* The problem
From the records below, extract only the lines running from the line with "Our best-selling silky" to the line with "安心防疫免擔心!因防疫措施遲誤復查申請,可於原因消滅後1個月內補申請!", both lines included, reproducing them exactly.

START Provided data

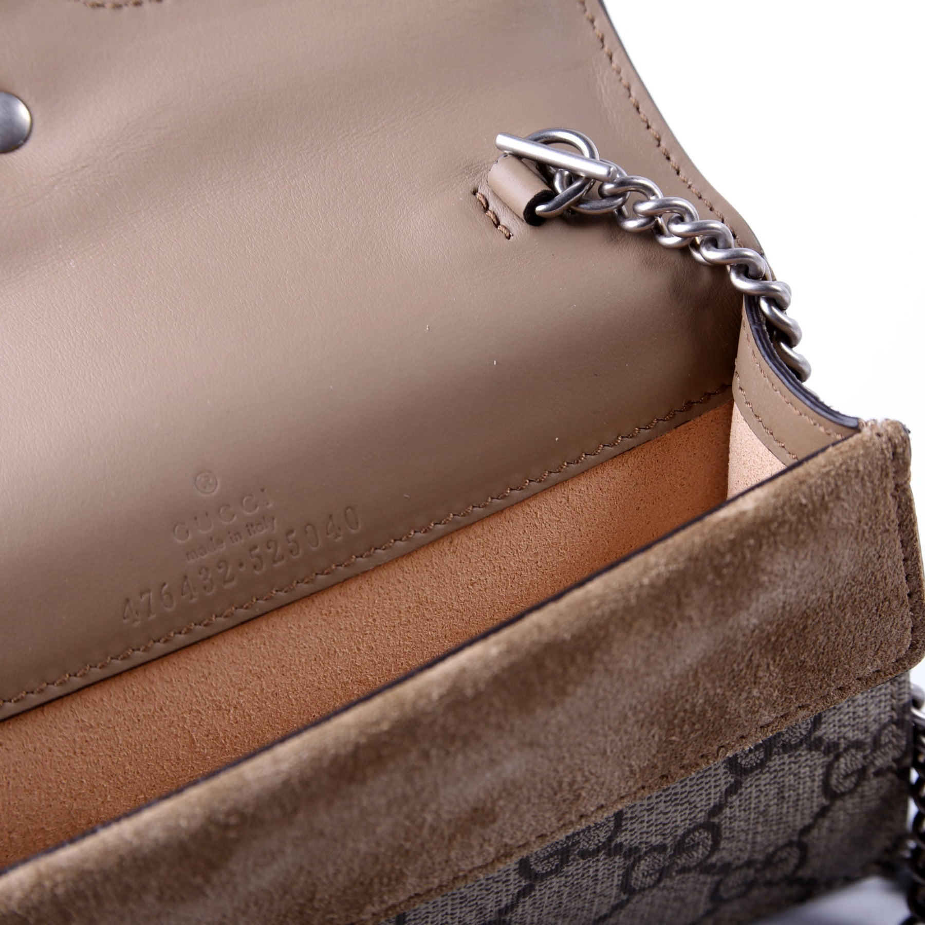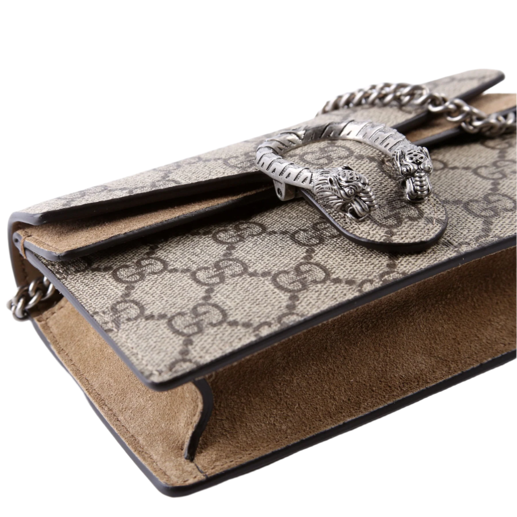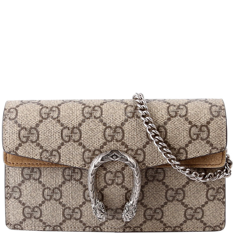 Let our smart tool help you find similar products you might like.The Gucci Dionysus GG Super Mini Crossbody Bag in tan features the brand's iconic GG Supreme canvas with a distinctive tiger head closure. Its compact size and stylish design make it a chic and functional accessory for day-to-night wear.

END Provided data
START Provided data

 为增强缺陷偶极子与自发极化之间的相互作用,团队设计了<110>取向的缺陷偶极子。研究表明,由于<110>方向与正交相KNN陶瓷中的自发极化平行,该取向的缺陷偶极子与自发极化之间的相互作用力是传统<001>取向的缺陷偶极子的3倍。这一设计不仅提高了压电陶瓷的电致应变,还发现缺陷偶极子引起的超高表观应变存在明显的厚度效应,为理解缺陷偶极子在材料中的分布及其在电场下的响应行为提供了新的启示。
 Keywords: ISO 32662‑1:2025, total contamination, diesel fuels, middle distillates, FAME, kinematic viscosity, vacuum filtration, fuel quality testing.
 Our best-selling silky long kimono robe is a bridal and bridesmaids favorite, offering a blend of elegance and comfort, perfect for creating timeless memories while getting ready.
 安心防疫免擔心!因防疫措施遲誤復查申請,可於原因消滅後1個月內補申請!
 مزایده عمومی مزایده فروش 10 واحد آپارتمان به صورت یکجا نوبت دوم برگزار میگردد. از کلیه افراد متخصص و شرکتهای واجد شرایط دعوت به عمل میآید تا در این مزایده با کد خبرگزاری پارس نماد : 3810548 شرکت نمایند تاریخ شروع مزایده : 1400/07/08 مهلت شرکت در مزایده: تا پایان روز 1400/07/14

END Provided data

* Task solution
 Our best-selling silky long kimono robe is a bridal and bridesmaids favorite, offering a blend of elegance and comfort, perfect for creating timeless memories while getting ready.
 安心防疫免擔心!因防疫措施遲誤復查申請,可於原因消滅後1個月內補申請!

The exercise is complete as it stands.